MATERIAL SUPPLIED.
━━━━━━━━━━━━━━━━━━━━
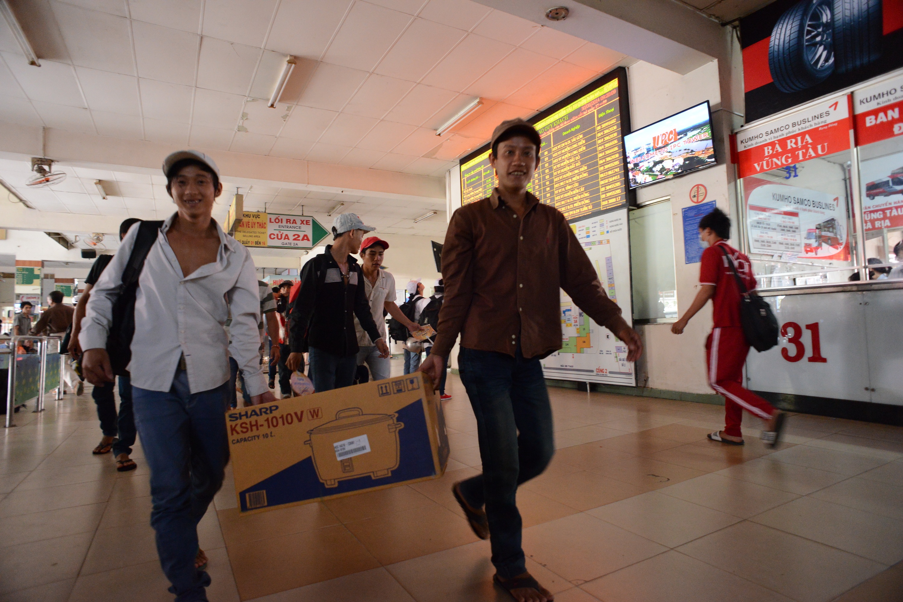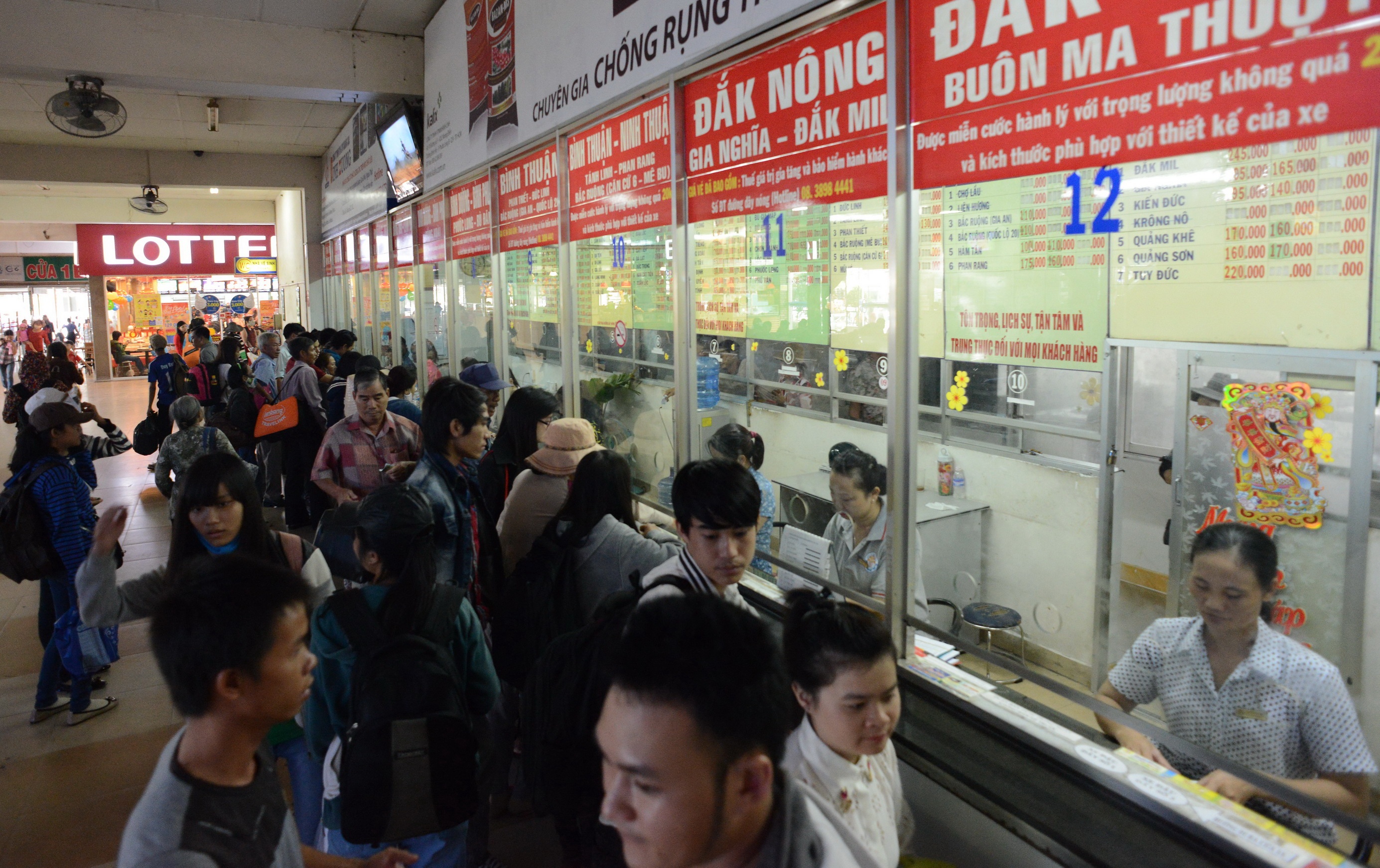 | Lượng khách đổ về bến xe nhiều nên trong nhà chờ bến xe nhiều người chờ mua vé và chờ xe xuất phát đông hơn ngày thường nhiều lần. Anh Trần Duy Anh (quê Khánh Hòa), cho biết do dịp 30/4 và 1/5 vừa rồi, anh có về quê thăm gia đình nên đợt này được nghỉ dài ngày, anh cùng nhóm bạn lên chương trình đi chơi các tỉnh Tây Nguyên. |
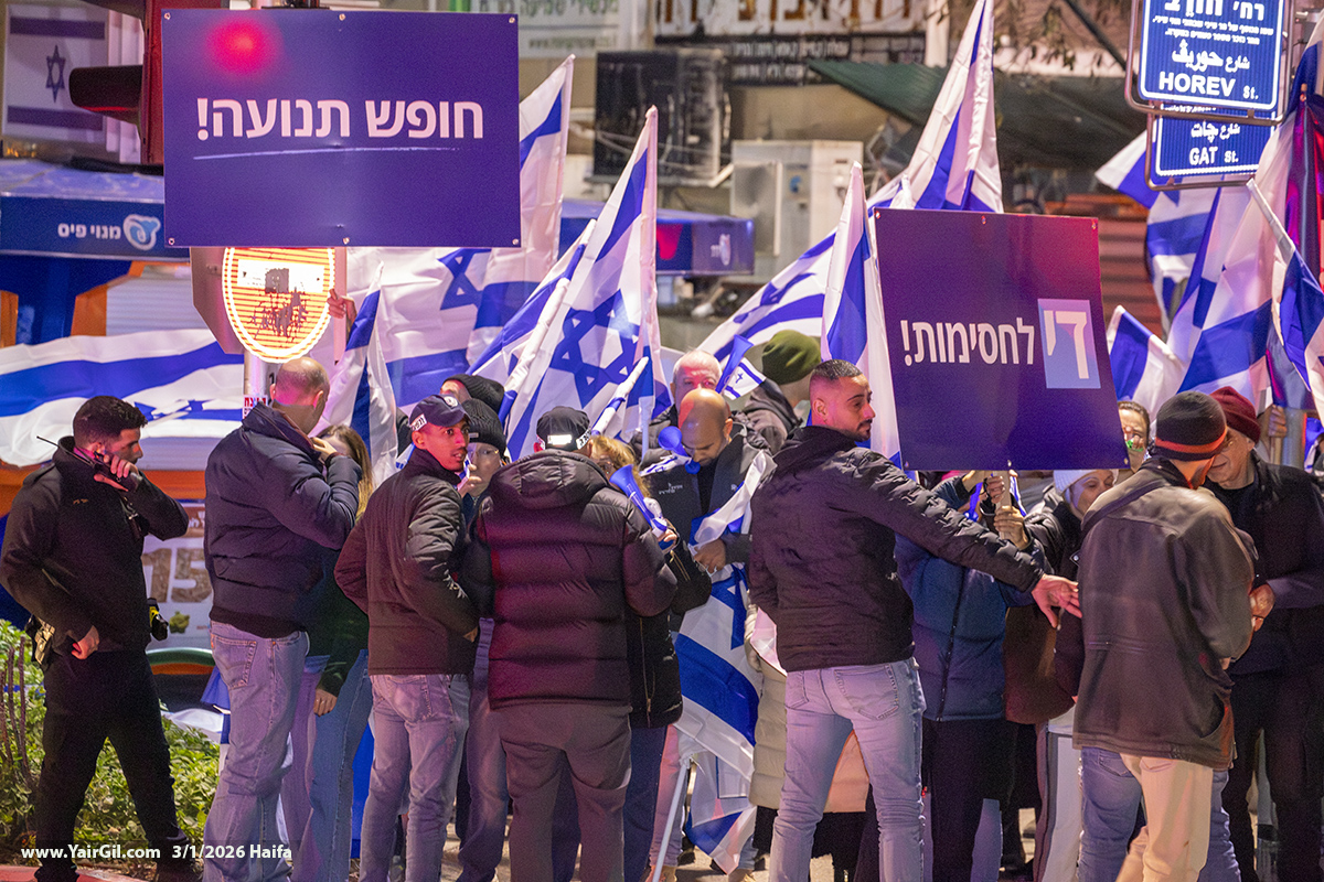 שומרים על החרדים לדמוקרטיה בהפגנה בצומת חורב בחיפה 3.1.2026 – נגד נתניהו וממשלתו, נגד ההפיכה המשטרית ובעד הקמת וועדת חקירה ממלכתית לאסון 710. – הפגנת הנגד עם כמאה משתתפים קולניים עמדה ממול.
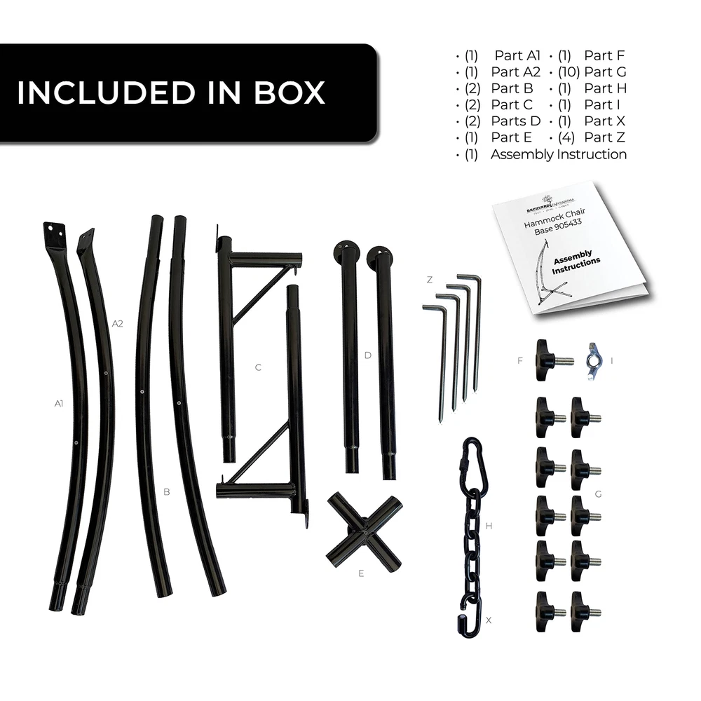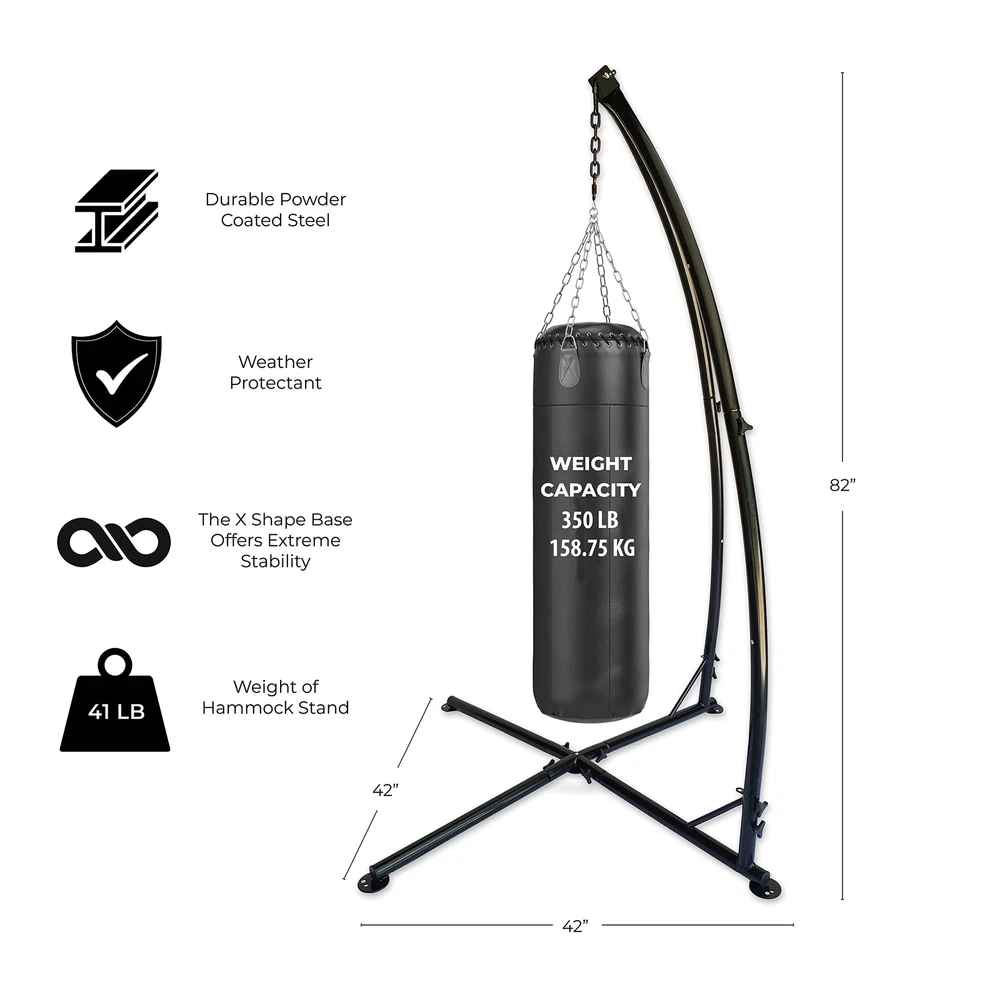 The Backyard Expressions X Base Hanging Chair Frame is a perfect match for Backyard Expressions Hammock Chairs or almost any other kind of suspended seating product. The X shaped base increases the stability of the stand and the 5/8 inch ground stakes easily and safely secure the stand in your yard. This stand now features no hardware assembly, meaning you can leave your tools in the shed. This product can be assembled in a matter of minutes without the use of any tools! Make your patio furniture exciting again with a Backyard Expressions Hanging Chair and Frame. DURABLE STEEL CONSTRUCTION - Rust-resistant coated steel is strong and long lasting both indoors and out. INNOVATIVE STURDY DESIGN - The "X" shaped base is a special design formulated through trial and error to find the sturdiest design to prevent tipping over. 350 LB WEIGHT CAPACITY - Our design offers a higher weight capacity than the industry standard VERSATILE FRAME - The Backyard Expressions hanging chair frame can be used for a variety of different hammock chairs, wicker hanging chairs and egg chairs. If it hangs this will work as the perfect stand for you! EASY ASSEMBLY: Assembly should take less than 10 minutes and take down is even easier. No tools are needed at all. DIMENSIONS: 42" W x 42" D x 82" H WEIGHT CAPACITY: 350 Lbs - The inner tag is labeled 250, but this is a misprint. Actual capacity is 350lbs.
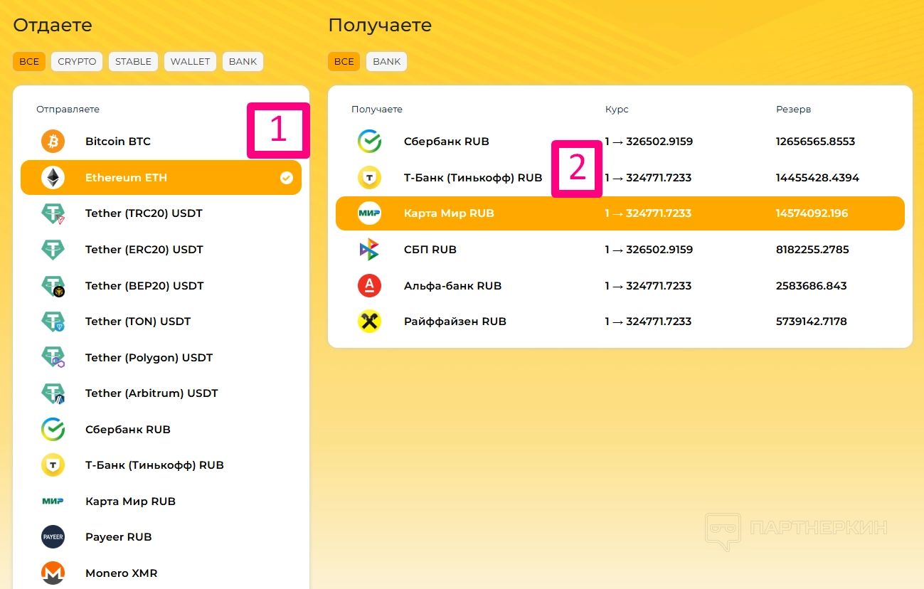 Сначала необходимо выбрать валюту для отправки и получения. Это делается с помощью простого меню на главной странице: слева представлены варианты для отправки, справа — доступные направления для получения. Курс обмена и текущие резервы отображаются рядом.
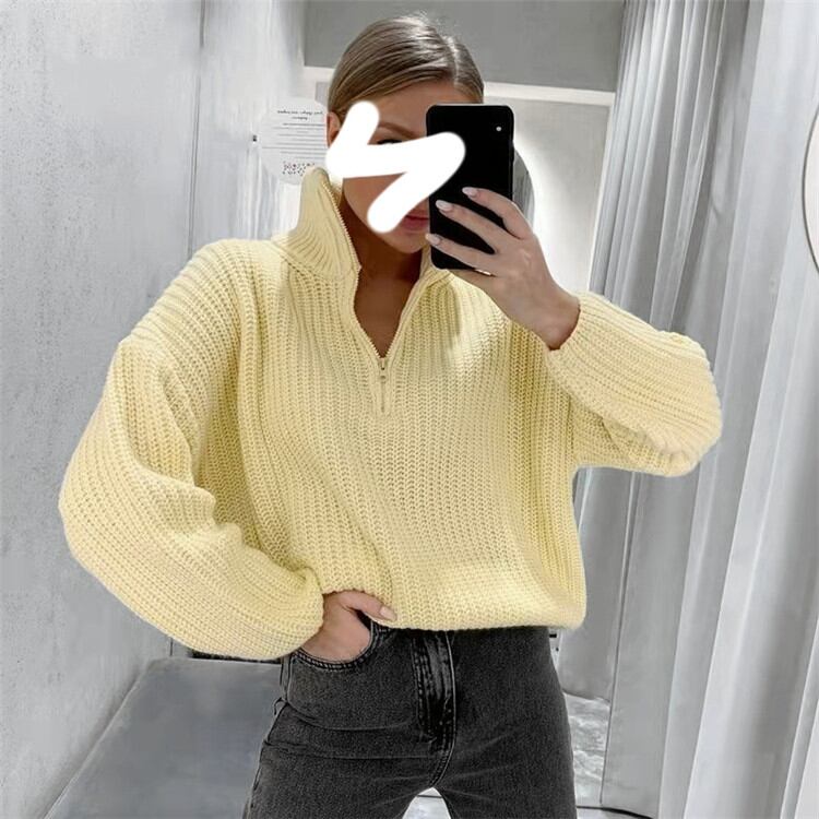 ◎【送料無料】ニットトップス 2021年新作 ゆったりする セーター 無地 ジッパー カジュアル
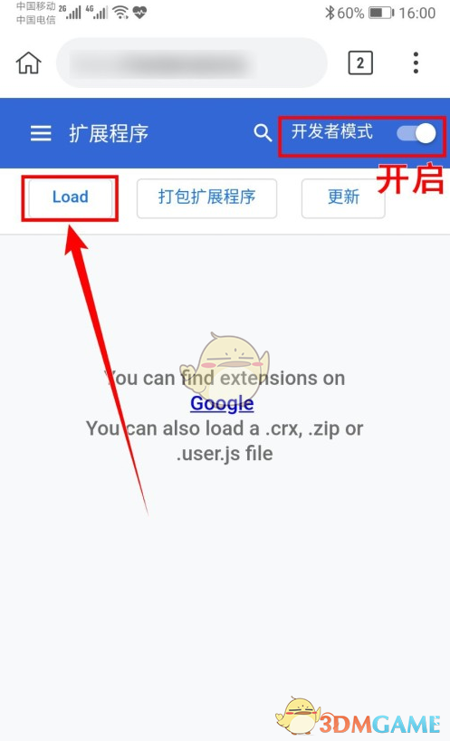 4、之後就會進入到擴展程序界面了,我們需要先將右側「開發者模式」開關打開,然後點擊下方的"load"選項。
━━━━━━━━━━━━━━━━━━━━
REQUIRED WORK.
Print each record exactly as it stands, leaving the images out.

SOLUTION FOR THIS TASK.
 | Lượng khách đổ về bến xe nhiều nên trong nhà chờ bến xe nhiều người chờ mua vé và chờ xe xuất phát đông hơn ngày thường nhiều lần. Anh Trần Duy Anh (quê Khánh Hòa), cho biết do dịp 30/4 và 1/5 vừa rồi, anh có về quê thăm gia đình nên đợt này được nghỉ dài ngày, anh cùng nhóm bạn lên chương trình đi chơi các tỉnh Tây Nguyên. |
 שומרים על החרדים לדמוקרטיה בהפגנה בצומת חורב בחיפה 3.1.2026 – נגד נתניהו וממשלתו, נגד ההפיכה המשטרית ובעד הקמת וועדת חקירה ממלכתית לאסון 710. – הפגנת הנגד עם כמאה משתתפים קולניים עמדה ממול.
 The Backyard Expressions X Base Hanging Chair Frame is a perfect match for Backyard Expressions Hammock Chairs or almost any other kind of suspended seating product. The X shaped base increases the stability of the stand and the 5/8 inch ground stakes easily and safely secure the stand in your yard. This stand now features no hardware assembly, meaning you can leave your tools in the shed. This product can be assembled in a matter of minutes without the use of any tools! Make your patio furniture exciting again with a Backyard Expressions Hanging Chair and Frame. DURABLE STEEL CONSTRUCTION - Rust-resistant coated steel is strong and long lasting both indoors and out. INNOVATIVE STURDY DESIGN - The "X" shaped base is a special design formulated through trial and error to find the sturdiest design to prevent tipping over. 350 LB WEIGHT CAPACITY - Our design offers a higher weight capacity than the industry standard VERSATILE FRAME - The Backyard Expressions hanging chair frame can be used for a variety of different hammock chairs, wicker hanging chairs and egg chairs. If it hangs this will work as the perfect stand for you! EASY ASSEMBLY: Assembly should take less than 10 minutes and take down is even easier. No tools are needed at all. DIMENSIONS: 42" W x 42" D x 82" H WEIGHT CAPACITY: 350 Lbs - The inner tag is labeled 250, but this is a misprint. Actual capacity is 350lbs.
 Сначала необходимо выбрать валюту для отправки и получения. Это делается с помощью простого меню на главной странице: слева представлены варианты для отправки, справа — доступные направления для получения. Курс обмена и текущие резервы отображаются рядом.
 ◎【送料無料】ニットトップス 2021年新作 ゆったりする セーター 無地 ジッパー カジュアル
 4、之後就會進入到擴展程序界面了,我們需要先將右側「開發者模式」開關打開,然後點擊下方的"load"選項。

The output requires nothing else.